1 When and Where
2 What
3 How
4 Schedule
5 Project suggestions
6 Collaboration Policy

Dynamics of Programming Languages

Christos Dimoulas and Robby Findler

1 When and Where

We meet every Tuesday and Thursday from 2pm to 3:20pm at Tech M164. Schedule provides more details for each meeting.

2 What

The starting point of this course is that we can describe what a programming language is with mathematics. We can specify (i) what are the valid programs of the language and (ii) what is the outcome when we run each one of them. These two pieces are the syntax and the semantics of the language. From this premise, this course explains how we can describe the semantics of a language by giving meaning to a program in terms of steps of simplifications of its syntax in a systematic and provably correct fashion; very similar to the way we give meaning to an arithmetic expression by using algebra calculations. Moreover, with the help of PLT Redex, we will see how we can turn the math into programs that we can run and test.

3 How

We will have two kinds of meetings. Theory meetings will be about the mathematical foundations. For those we will follow the Semantics Engineering with PLT Redex book. Redex meetings will be about mapping the math formalisms from the theory meetings to Redex programs.

For the first four weeks, there will be four assignments that will mix theoretical exercises and Redex programming. After that, with our help, you will pick a programming languages research paper and investigate it with Redex. You will also give two presentations in class: one to introduce us to the paper you picked and one to present your investigation of the paper.
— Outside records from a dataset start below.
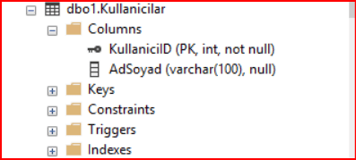 Aşağıdaki komutla belirtilen kolon üzerinde bir isim değişliği yapmış oluruz. Değişiklik yapmadan tablodaki kolon ismi aşağıdaki resimde görülmektedir.
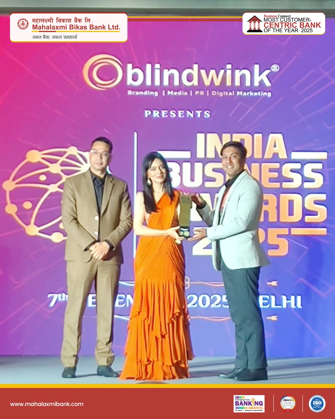 Mahalaxmi Bikas Bank Limited (MLBL) has been honored with the “Excellence in Banking Innovation and Customer Delight” award at the India Business Awards 2025 held in New Delhi on December 7, 2025. The award recognizes the bank’s innovations in banking services, strong leadership, brand reputation, customer trust, media presence, and corporate social responsibility.
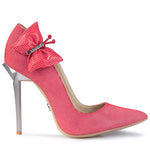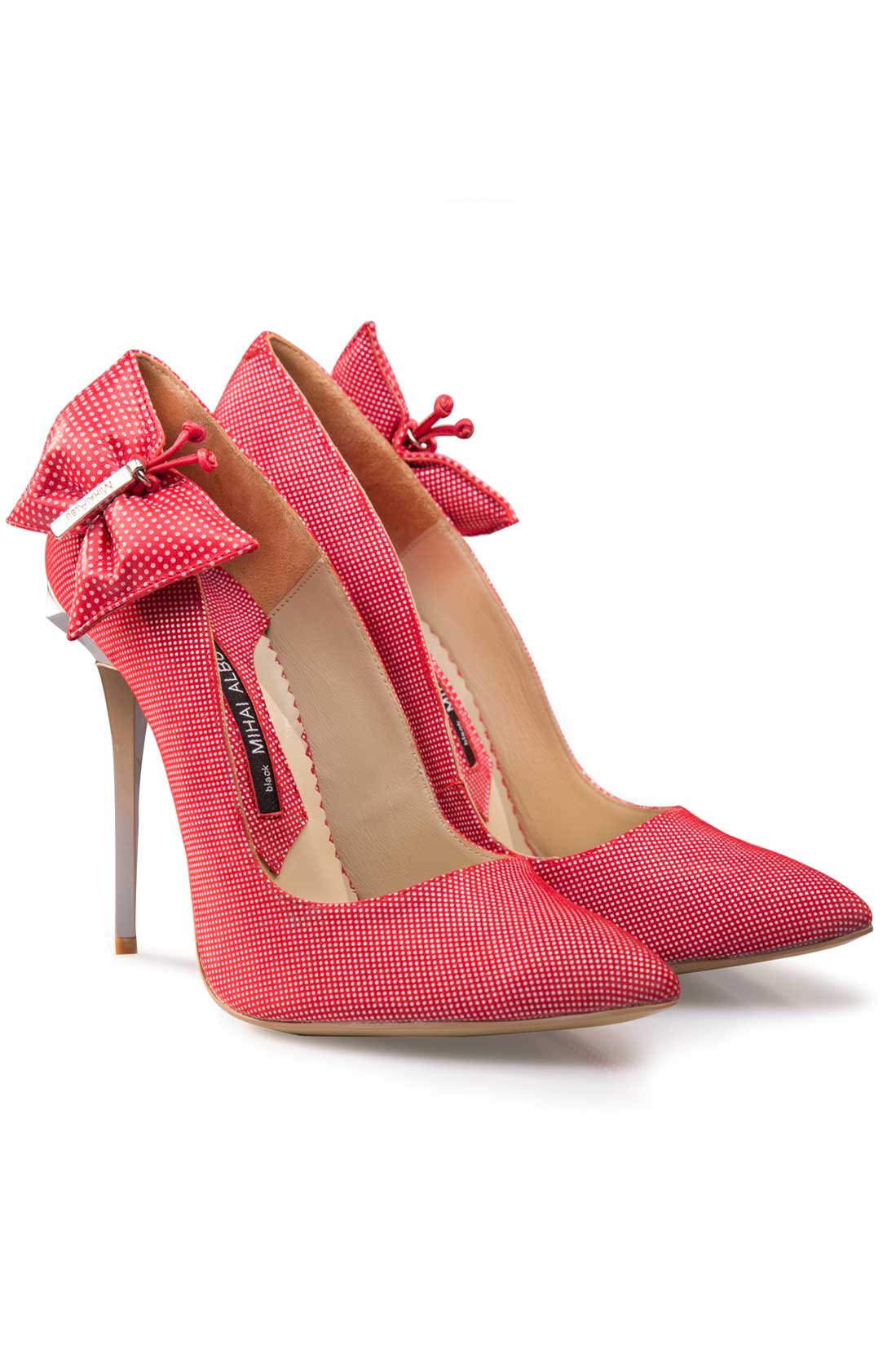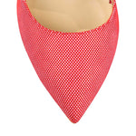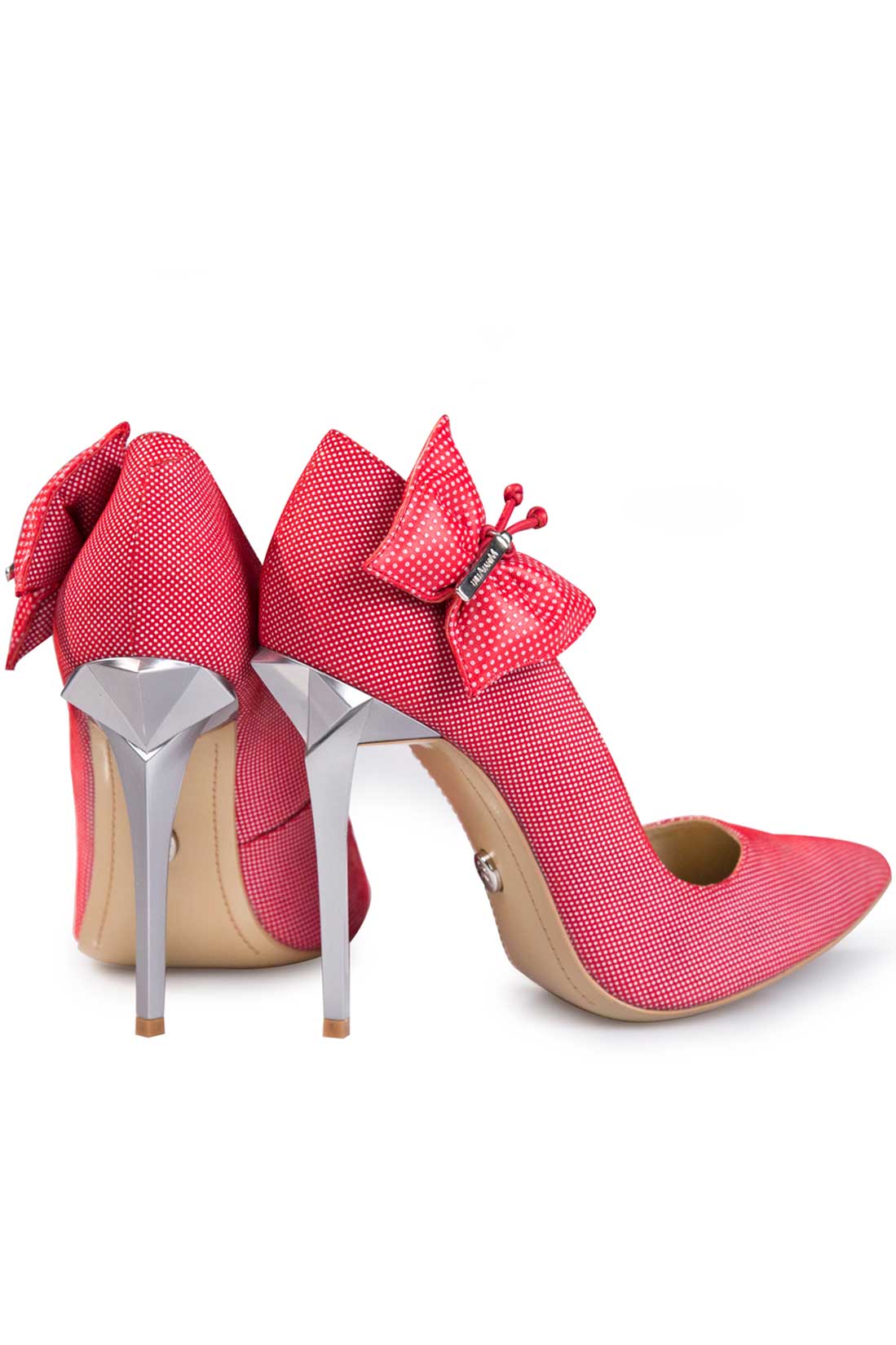 Trăiește o senzație energizantă prin combinația ludică de roz brink și puncte polka clasice în pantofii de piele, sculptați pe un stiletto extravagant.
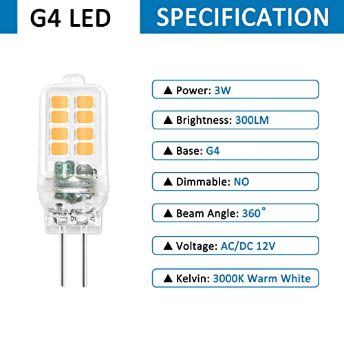 ✦ 【Alta Qualità】 G4 LED 3W sostituisce la lampadina alogena G4 25w, risparmiando il 88% di consumo energetico. Le lampadine a LED G4 hanno una durata fino a 30.000 ore, più durevoli, risparmiano sui costi di sostituzione delle lampadine.
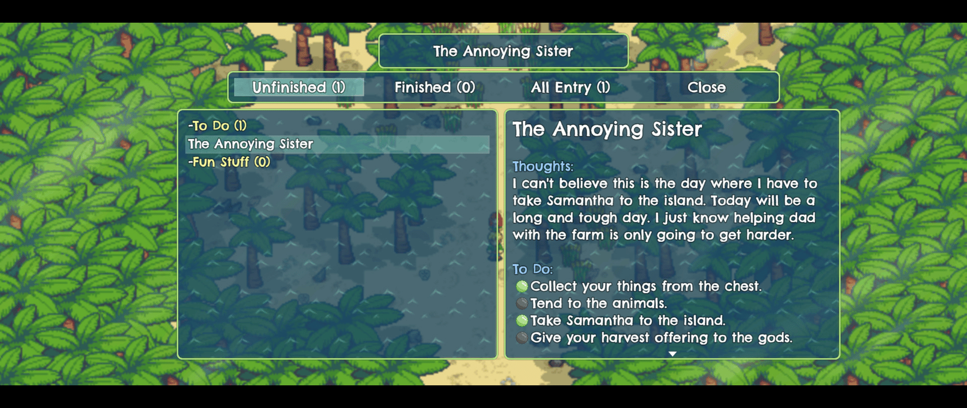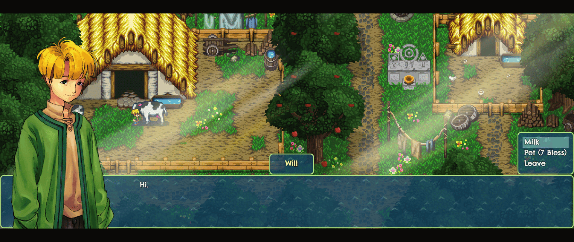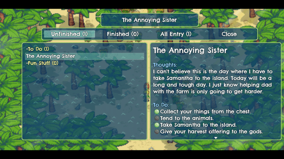 Play the first chapter of Harvest Island, an upcoming pixel-art, cute, semi-farming simulator set on a remote island. Take on the role of Will and help your sister catch a raccoon to offer to the gods. Inspired by Stardew Valley, Harvest Moon, and Rune Factory.
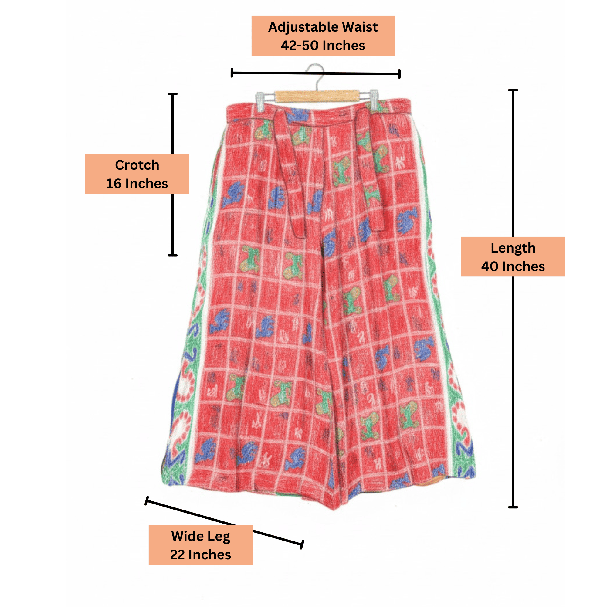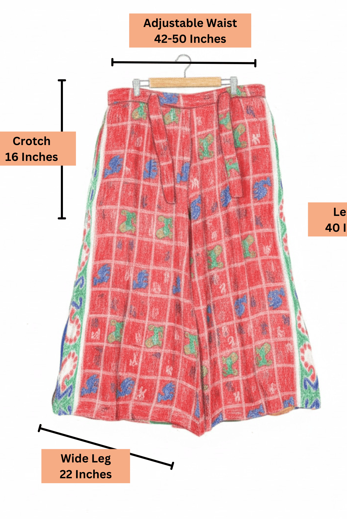 Imagine having pants that whisper tales of the past. Crafted from vintage Kantha, each pair tells its own story through a rich tapestry of repurposed cotton sarees. Feel the unique texture and beautiful flow created by layers of fabric lovingly stitched together with traditional running stitches.
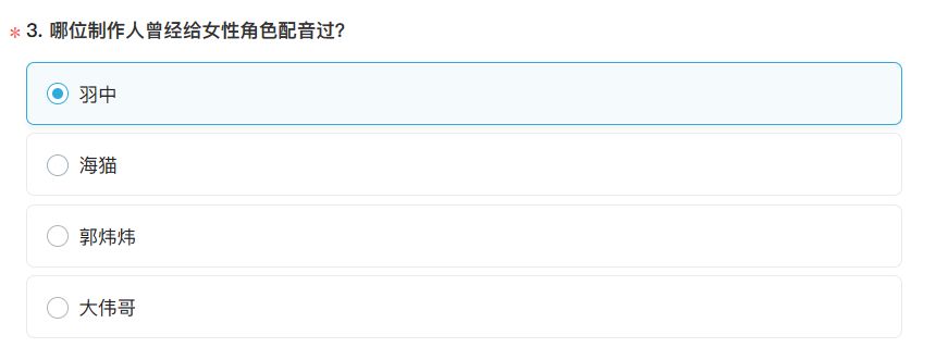 这题不会,我只知道海猫和大伟哥,他们好像都没这个实力给女性角色配音,所以我选了C,不会就选C是不对的。

Formally, the assignments, the two presentations and the Redex code you will produce will be the four factors that will determine your grade for the course.

4 Schedule

When

What

Reading

4/02

Theory: From Syntax to Semantics

Sections 1 - 1.4

4/04

Theory: From Semantics to Questions

Sections 1.5 - 2.1

Assignment 1 is out!

4/09

Theory: From Questions to Answers I

Section 2.2

4/11

PLT Redex: The Basics

Chapter 1 (revisited)

Assignment 2 is out!

4/16

Theory: From Questions to Answers II

Section 2.2

4/18

Theory: From Questions to Answers III

Sections 2.2

Assignment 3 is out!

4/23

PLT Redex: λ Basics

Sections 3.1 - 3.3

4/25

PLT Redex: More on λ

Sections 3.4 - 3.6

Assignment 4 is out!

4/30

Theory: Even more on λ

Sections 3.8 - 3.9

5/02

Theory: From λ to ISWIM

Sections 4.1 - 4.4

5/07

Theory: ISWIM

Sections 4.3 - 4.5

Assignment 5 is out!

5/09

Theory: More on ISWIM

Section 4.6

5/14

PLT Redex: Contexts

Sections 4.7 - 5.1

5/16

Paper Presentations

5/21

Theory: Standardization I

Section 5.2

5/23

Theory: Standardization II

Section 5.2

5/28

Theory: Standardization III

Sections 5.2 - 5.4

5/30

Wrap-up + Project Presentation

6/04

Project Presentations

6/06

Project Presentations

5 Project suggestions

Here are a few papers you can select from for your project. The list is not exhaustive so feel free to propose other papers as long as they describe formally the semantics of a programming language and you argue that you can encode this semantics in PLT Redex.

6 Collaboration Policy

Working with others on assignments is a good way to learn the material and we encourage it. However, there are limits to the degree of cooperation that we will permit.

When working on assignments (theoretical or programming ones), you must work only with others whose understanding of the material is approximately equal to yours. In this situation, working together to find a good approach for solving a problem is cooperation; listening while someone dictates a solution is cheating. You must limit collaboration to a high-level discussion of solution strategies, and stop short of actually writing down a group answer. Anything that you hand in, whether it is a written problem or a computer program, must be entirely your own work. If you base your solution on any other written solution or program, you are cheating.

Note: allowing your work to be copied is cheating just as much as copying another’s work, and thus also subject to punishment.

If you have any questions about what constitutes cheating, please ask.